━━━━━ DATA PROVIDED

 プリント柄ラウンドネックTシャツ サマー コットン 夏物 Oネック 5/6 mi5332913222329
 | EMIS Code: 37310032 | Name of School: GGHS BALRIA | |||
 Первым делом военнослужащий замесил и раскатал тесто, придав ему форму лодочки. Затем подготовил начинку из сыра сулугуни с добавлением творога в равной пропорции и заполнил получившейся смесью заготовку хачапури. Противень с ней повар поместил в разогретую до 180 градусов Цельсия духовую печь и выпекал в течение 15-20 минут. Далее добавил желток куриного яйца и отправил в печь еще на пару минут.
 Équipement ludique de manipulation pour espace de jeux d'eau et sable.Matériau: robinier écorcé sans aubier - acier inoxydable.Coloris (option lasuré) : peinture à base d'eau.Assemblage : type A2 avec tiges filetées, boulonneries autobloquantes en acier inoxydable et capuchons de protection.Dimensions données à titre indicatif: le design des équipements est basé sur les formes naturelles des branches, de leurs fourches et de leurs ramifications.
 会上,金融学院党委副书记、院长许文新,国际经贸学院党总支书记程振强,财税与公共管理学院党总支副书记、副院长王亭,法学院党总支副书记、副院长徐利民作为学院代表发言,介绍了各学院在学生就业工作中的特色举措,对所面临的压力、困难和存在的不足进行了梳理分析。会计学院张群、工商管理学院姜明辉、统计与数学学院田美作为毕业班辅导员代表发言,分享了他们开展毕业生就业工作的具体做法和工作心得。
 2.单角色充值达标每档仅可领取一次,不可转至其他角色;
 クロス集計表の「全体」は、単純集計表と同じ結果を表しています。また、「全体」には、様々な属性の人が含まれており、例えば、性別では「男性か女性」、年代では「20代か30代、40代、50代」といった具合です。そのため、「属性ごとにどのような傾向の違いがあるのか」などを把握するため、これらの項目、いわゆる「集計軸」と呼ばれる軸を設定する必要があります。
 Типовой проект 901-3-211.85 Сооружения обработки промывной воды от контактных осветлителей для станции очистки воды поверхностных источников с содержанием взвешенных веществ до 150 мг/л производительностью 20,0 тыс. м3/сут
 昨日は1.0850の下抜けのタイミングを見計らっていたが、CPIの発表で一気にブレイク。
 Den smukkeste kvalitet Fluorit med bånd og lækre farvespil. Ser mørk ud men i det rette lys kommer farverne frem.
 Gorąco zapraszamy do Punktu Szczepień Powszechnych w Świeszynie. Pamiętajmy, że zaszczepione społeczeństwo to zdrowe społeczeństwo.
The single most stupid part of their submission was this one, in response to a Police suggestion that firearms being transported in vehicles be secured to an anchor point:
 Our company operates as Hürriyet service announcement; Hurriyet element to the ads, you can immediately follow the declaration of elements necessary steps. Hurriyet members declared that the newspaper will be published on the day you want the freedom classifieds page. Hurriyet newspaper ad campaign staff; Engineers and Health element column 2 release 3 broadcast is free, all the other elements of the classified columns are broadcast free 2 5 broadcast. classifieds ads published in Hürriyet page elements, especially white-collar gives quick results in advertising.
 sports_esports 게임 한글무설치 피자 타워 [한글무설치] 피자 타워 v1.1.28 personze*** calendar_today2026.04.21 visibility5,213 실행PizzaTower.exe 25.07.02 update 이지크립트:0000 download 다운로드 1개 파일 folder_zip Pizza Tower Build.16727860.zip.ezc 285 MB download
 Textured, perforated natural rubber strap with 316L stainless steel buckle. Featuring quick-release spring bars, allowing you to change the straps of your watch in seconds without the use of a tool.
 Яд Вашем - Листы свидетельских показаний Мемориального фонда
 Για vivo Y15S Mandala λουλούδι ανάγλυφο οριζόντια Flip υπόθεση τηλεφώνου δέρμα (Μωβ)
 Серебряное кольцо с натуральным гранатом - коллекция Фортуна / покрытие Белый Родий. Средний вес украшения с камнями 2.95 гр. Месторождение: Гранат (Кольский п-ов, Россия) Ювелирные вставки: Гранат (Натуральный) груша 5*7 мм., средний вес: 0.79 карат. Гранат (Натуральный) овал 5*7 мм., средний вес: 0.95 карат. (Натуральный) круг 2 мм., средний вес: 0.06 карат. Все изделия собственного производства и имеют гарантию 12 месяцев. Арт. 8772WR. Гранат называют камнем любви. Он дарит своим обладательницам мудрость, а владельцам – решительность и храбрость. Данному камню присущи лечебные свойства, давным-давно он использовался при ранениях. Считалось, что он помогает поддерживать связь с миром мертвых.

━━━━━━━━━━

Restate the whole of the data exactly.

 プリント柄ラウンドネックTシャツ サマー コットン 夏物 Oネック 5/6 mi5332913222329
 | EMIS Code: 37310032 | Name of School: GGHS BALRIA | |||
 Первым делом военнослужащий замесил и раскатал тесто, придав ему форму лодочки. Затем подготовил начинку из сыра сулугуни с добавлением творога в равной пропорции и заполнил получившейся смесью заготовку хачапури. Противень с ней повар поместил в разогретую до 180 градусов Цельсия духовую печь и выпекал в течение 15-20 минут. Далее добавил желток куриного яйца и отправил в печь еще на пару минут.
 Équipement ludique de manipulation pour espace de jeux d'eau et sable.Matériau: robinier écorcé sans aubier - acier inoxydable.Coloris (option lasuré) : peinture à base d'eau.Assemblage : type A2 avec tiges filetées, boulonneries autobloquantes en acier inoxydable et capuchons de protection.Dimensions données à titre indicatif: le design des équipements est basé sur les formes naturelles des branches, de leurs fourches et de leurs ramifications.
 会上,金融学院党委副书记、院长许文新,国际经贸学院党总支书记程振强,财税与公共管理学院党总支副书记、副院长王亭,法学院党总支副书记、副院长徐利民作为学院代表发言,介绍了各学院在学生就业工作中的特色举措,对所面临的压力、困难和存在的不足进行了梳理分析。会计学院张群、工商管理学院姜明辉、统计与数学学院田美作为毕业班辅导员代表发言,分享了他们开展毕业生就业工作的具体做法和工作心得。
 2.单角色充值达标每档仅可领取一次,不可转至其他角色;
 クロス集計表の「全体」は、単純集計表と同じ結果を表しています。また、「全体」には、様々な属性の人が含まれており、例えば、性別では「男性か女性」、年代では「20代か30代、40代、50代」といった具合です。そのため、「属性ごとにどのような傾向の違いがあるのか」などを把握するため、これらの項目、いわゆる「集計軸」と呼ばれる軸を設定する必要があります。
 Типовой проект 901-3-211.85 Сооружения обработки промывной воды от контактных осветлителей для станции очистки воды поверхностных источников с содержанием взвешенных веществ до 150 мг/л производительностью 20,0 тыс. м3/сут
 昨日は1.0850の下抜けのタイミングを見計らっていたが、CPIの発表で一気にブレイク。
 Den smukkeste kvalitet Fluorit med bånd og lækre farvespil. Ser mørk ud men i det rette lys kommer farverne frem.
 Gorąco zapraszamy do Punktu Szczepień Powszechnych w Świeszynie. Pamiętajmy, że zaszczepione społeczeństwo to zdrowe społeczeństwo.
The single most stupid part of their submission was this one, in response to a Police suggestion that firearms being transported in vehicles be secured to an anchor point:
 Our company operates as Hürriyet service announcement; Hurriyet element to the ads, you can immediately follow the declaration of elements necessary steps. Hurriyet members declared that the newspaper will be published on the day you want the freedom classifieds page. Hurriyet newspaper ad campaign staff; Engineers and Health element column 2 release 3 broadcast is free, all the other elements of the classified columns are broadcast free 2 5 broadcast. classifieds ads published in Hürriyet page elements, especially white-collar gives quick results in advertising.
 sports_esports 게임 한글무설치 피자 타워 [한글무설치] 피자 타워 v1.1.28 personze*** calendar_today2026.04.21 visibility5,213 실행PizzaTower.exe 25.07.02 update 이지크립트:0000 download 다운로드 1개 파일 folder_zip Pizza Tower Build.16727860.zip.ezc 285 MB download
 Textured, perforated natural rubber strap with 316L stainless steel buckle. Featuring quick-release spring bars, allowing you to change the straps of your watch in seconds without the use of a tool.
 Яд Вашем - Листы свидетельских показаний Мемориального фонда
 Για vivo Y15S Mandala λουλούδι ανάγλυφο οριζόντια Flip υπόθεση τηλεφώνου δέρμα (Μωβ)
 Серебряное кольцо с натуральным гранатом - коллекция Фортуна / покрытие Белый Родий. Средний вес украшения с камнями 2.95 гр. Месторождение: Гранат (Кольский п-ов, Россия) Ювелирные вставки: Гранат (Натуральный) груша 5*7 мм., средний вес: 0.79 карат. Гранат (Натуральный) овал 5*7 мм., средний вес: 0.95 карат. (Натуральный) круг 2 мм., средний вес: 0.06 карат. Все изделия собственного производства и имеют гарантию 12 месяцев. Арт. 8772WR. Гранат называют камнем любви. Он дарит своим обладательницам мудрость, а владельцам – решительность и храбрость. Данному камню присущи лечебные свойства, давным-давно он использовался при ранениях. Считалось, что он помогает поддерживать связь с миром мертвых.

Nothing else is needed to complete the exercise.